Итак, я был еще мирным, домашним животным, тем, собственно, что, на грубом техническом языке скотных дворов называется сосунком, а на учтивом общественном – примерным сыном и прекрасным молодым человеком, – хотя чувствовал сильное поползновение отрастить когти…

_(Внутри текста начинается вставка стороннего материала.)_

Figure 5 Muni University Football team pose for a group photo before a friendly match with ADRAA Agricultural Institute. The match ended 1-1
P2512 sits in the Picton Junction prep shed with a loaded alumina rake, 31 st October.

Я любил… о! как я любил тогда, милостивые государи, – идеально, бешено, фантастически, эксцентрически – смело до того, что даже – о ужас! – позволял себе, в противность предписаниям родительским, просиживать целую лишнюю четверть часа после полночи, что даже – о разврат! – героически проповедовал, в стихах разумеется, презрение к общественному мнению, что даже – о верх нечестия! – писал стихи в месте моего служения, ибо я служил, милостивые государи, с гордостию мог сказать, что целых три года отслужил отечеству, целых три года – так, по крайней мере, значится в моем формулярном списке, потому что, по особенной доброте начальства, в этот формулярный список не вписывались периоды похождения к должности, иногда значительно долгие.

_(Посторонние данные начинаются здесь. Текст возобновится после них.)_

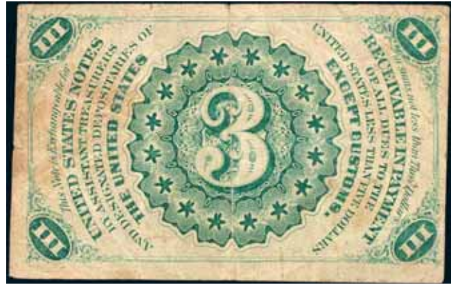
3827* USA , Delaware, Colonial Issue, one shilling, 1st Jan. 1776, No.25669 (P.S634); Maryland, Colonial Issue, four dollars, 10th April 1774, No. 11247 (P.S978); Fractional Currency, three cents, third issue, 1863 (P.105a). The second with corner off bottom right, very good. (3)

Итак, я любил по всем правилам романтизма; любовь моя «не оставляла ничего желать», как говорят французы, – к довершению всего она была безнадежна и, следовательно, освещена тусклым байроническим колоритом. Безнадежна же была она потому, что я носил в себе всегда роковое сознание вечно холостой участи, что даже и во сне никогда не видал себя женатым.
Чего бы лучше, кажется? я любил и, к величайшему удовольствию, любил безнадежно. Но тем не менее я страдал самой невыносимой хандрой, неопределенной хандрой русского человека, не «зензухтом»[4] немца, по крайней мере наполняющим его голову утешительными призраками, не сплином англичанина, от которого он хоть утопится в пинте пива, но безумной пеленой, русской хандрой, которой и скверно жить на свете, и хочется жизни, света, широких, вольных, размашистых размеров, той хандрой, от которой русский человек ищет спасения только в цыганском таборе,[5] хандрой, создавшей московских цыган, пушкинского Онегина и песни Варламова.

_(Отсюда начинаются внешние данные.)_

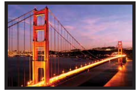
Golden Gate Bridge

*Deduct $50 per person when paying by cash or check
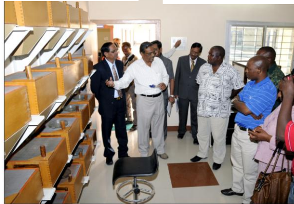
South Africa team be acquainted with Corcyra rearing techniques (06/12/2010)

И вот в один из дней масленицы 184. года больной от хандры, больной от блинов, которые я поглощаю дюжинами, или, точнее сказать, поглощал, потому что это относится к совершенно мифическим временам, – я лежал на своем диване, скучая, как только можно скучать от мысли, что перед вами чуть ли еще не полдня, в которые вам ровно нечего делать. В театре, как нарочно, давали «Льва Гурыча»[6] и какой-то балет; в том доме, где я во время масленицы – этих русских сатурналий – имел право, сообразно предписаниям родительским, быть два раза в неделю, – я уже успел быть два раза, и уйти туда в третий было бы решительным возмущением против домашних догм. Итак, я лежал, не предвидя ни конца, ни исхода этому состоянию, лежал без надежды и ожиданий, по временам только тревожно прислушиваясь, не звенит ли колокольчик, мучитель колокольчик, проведенный наверх снизу, возвещавший с нестерпимым треском и визгливым звоном час обеда, чая и пр.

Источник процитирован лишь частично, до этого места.